The city, however, doesn't track the lawsuits, The Sun investigation found.
Rawlings-Blake's spokesman, Kevin Harris, said Monday that seeking federal help is another way to make Baltimore a safer city. Other cities have seen "significant, positive reforms" after federal probes, he said, adding, "It makes community policing much better."
He pointed out that the administration included many of the points from the union's 2012 "blueprint for improved policing" in the department's strategic plan.
Harris also noted one place the city could find funds to help pay for any reforms: the millions it is spending on settlements, court judgments and legal fees for all the lawsuits against police.
"Look at how much it has cost us so far," Harris said. Seeking a federal probe, he said, "is a bold step for change."
Some cities have paid $1 million or more a year to comply with Department of Justice recommendations following similar probes, according to the Police Executive Research Forum.
Amid a host of reforms started by Batts, including a team created to investigate use-of-force incidents, the agency is implementing recommendations from a strategic plan drafted by outside consultants in November 2013.
Cherry and Ryan said the rank and file has offered suggestions to improve the agency and pointed to the 2012 blueprint. The union conducted a study and issued its findings in a 15-page report.
The report called on leaders to make "education level a priority" in hiring, mirroring cities such as New York, where new officers need either military experience or two years of college. In addition to urging improved background checks on new hires, the union would like the Maryland Police Training Commission to audit recruitment and hiring standards. Other suggestions include improving front-line supervision on the streets.
The report was sent to Rawlings-Blake, City Council members and other top officials, Cherry said, adding: "We never heard a word from the mayor."
Meanwhile, an email disseminated last weekend by the union's vice president-elect encouraged younger officers to leave the force.
Lt. Victor Gearthart, who has 33 years experience in the department and is one of its longest-tenured members, said he has never recommended that officers leave — until now.
In his email to colleagues, he argued that federal oversight would upend the officers' fight against crime.

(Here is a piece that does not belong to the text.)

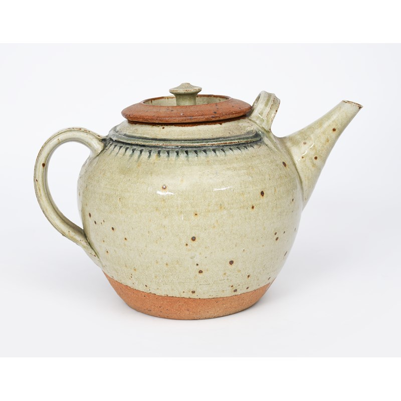 a large teapot and cover, ovoid with flat cover, the body with simple band of incised decoration, covered to the base with a speckled ash glaze, painted B to base, 21cm. high
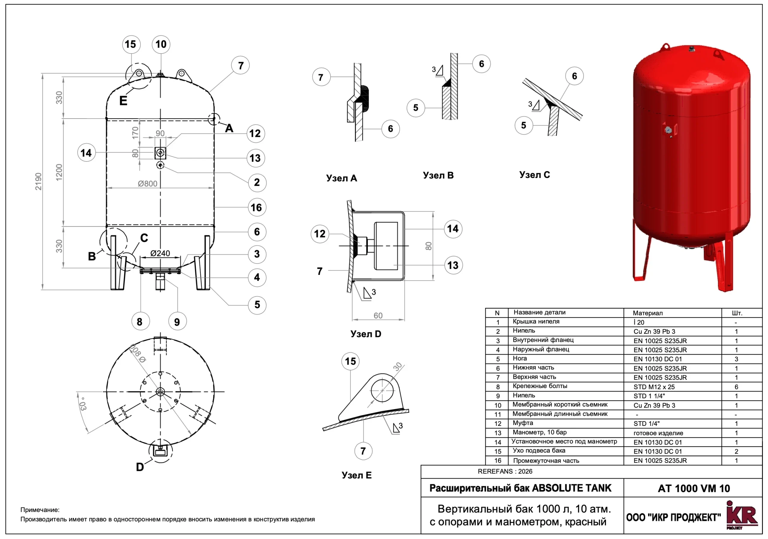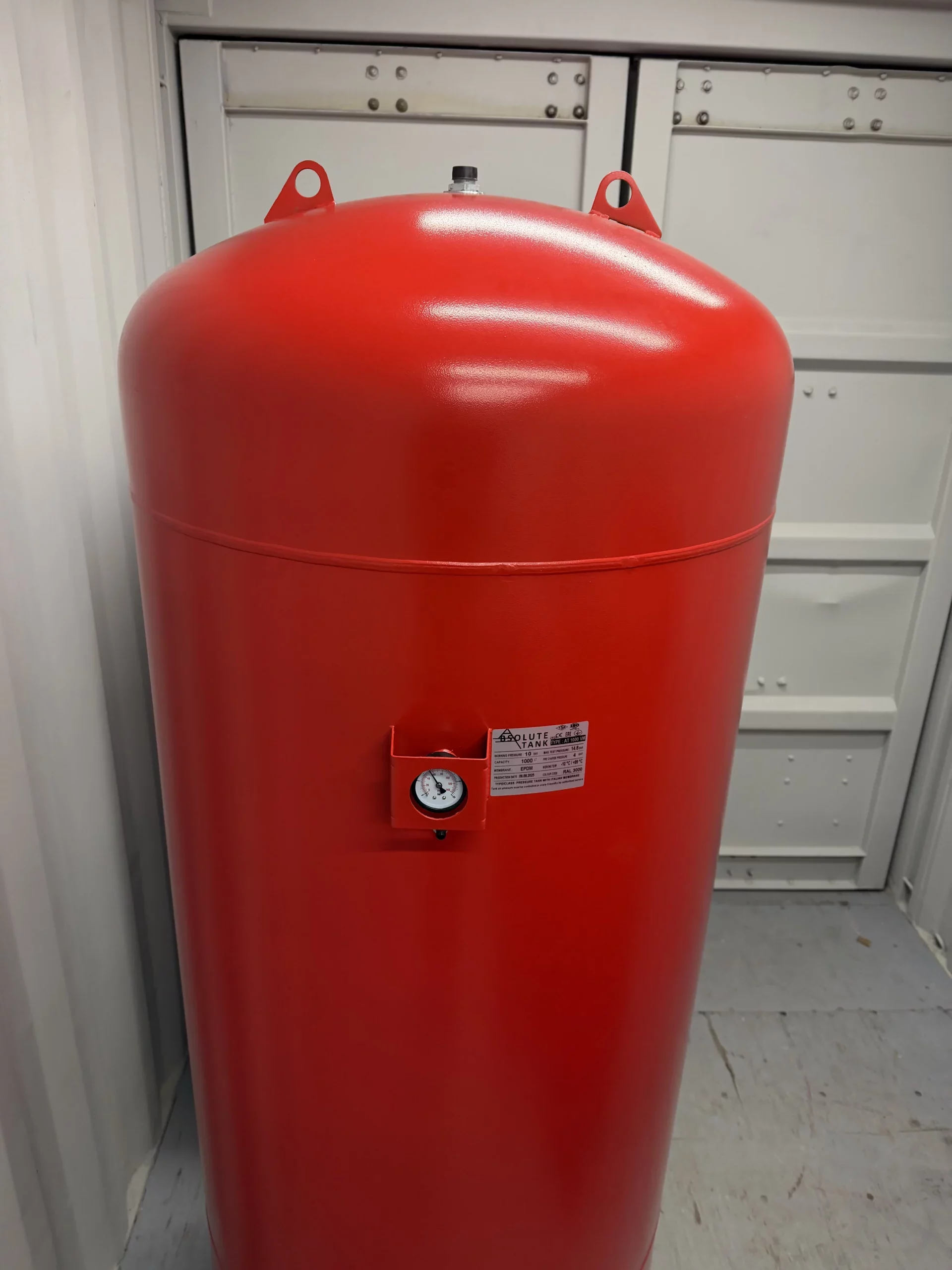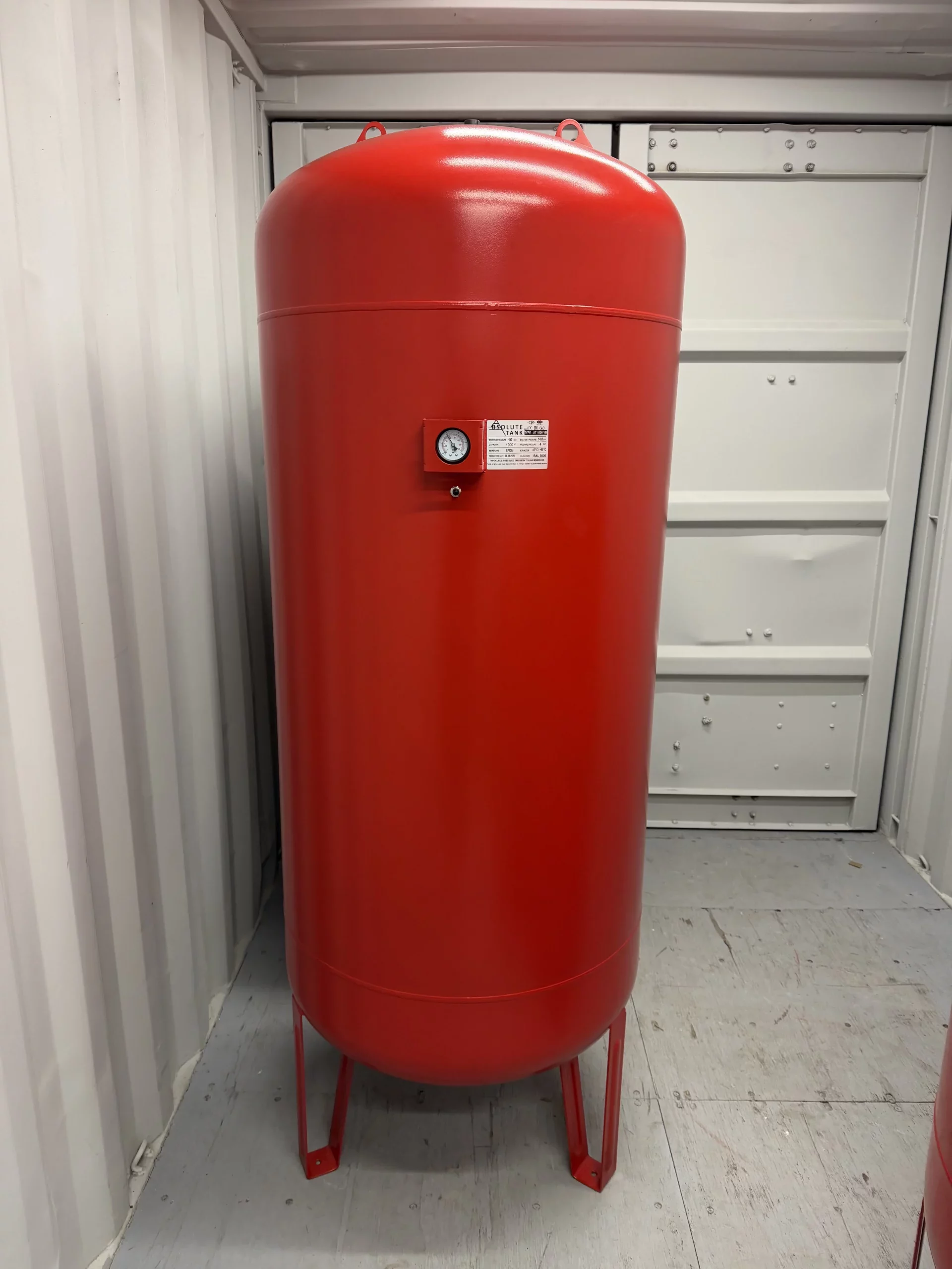 Материал: Корпус бака, опоры — углеродистая сталь, покрытая порошковой краской красного цвета, RAL 3000

"The amount of paperwork you will have to fill out is mind numbing. Crime-fighting will have to take a second seat to filling out reports on the reports that you filled out," he said. "Reform means more criminals will have more time to prey on the public while you are stuck inside filling out reports for the feds.
"Any officer with less [than] 10 years on [the force] is a fool if they are not looking for a better police force to jump to. Youngsters, vote with your feet!"
In an interview, Gearhart said current problems within the department are overstated. "The number of uses of force compared to the number of citizen contacts we make is probably quite small. Calling in the feds is just so over the top. I think it's going to bring more problems."
Of his warning to younger officers, he said: "I don't see why a person would come to Baltimore City to serve as police. I don't see it."
Cherry and Ryan disagreed, saying a mass exodus from the police force would hurt the city.
"'We're not encouraging it," Ryan said. "I'm proud to be a Baltimore City police officer."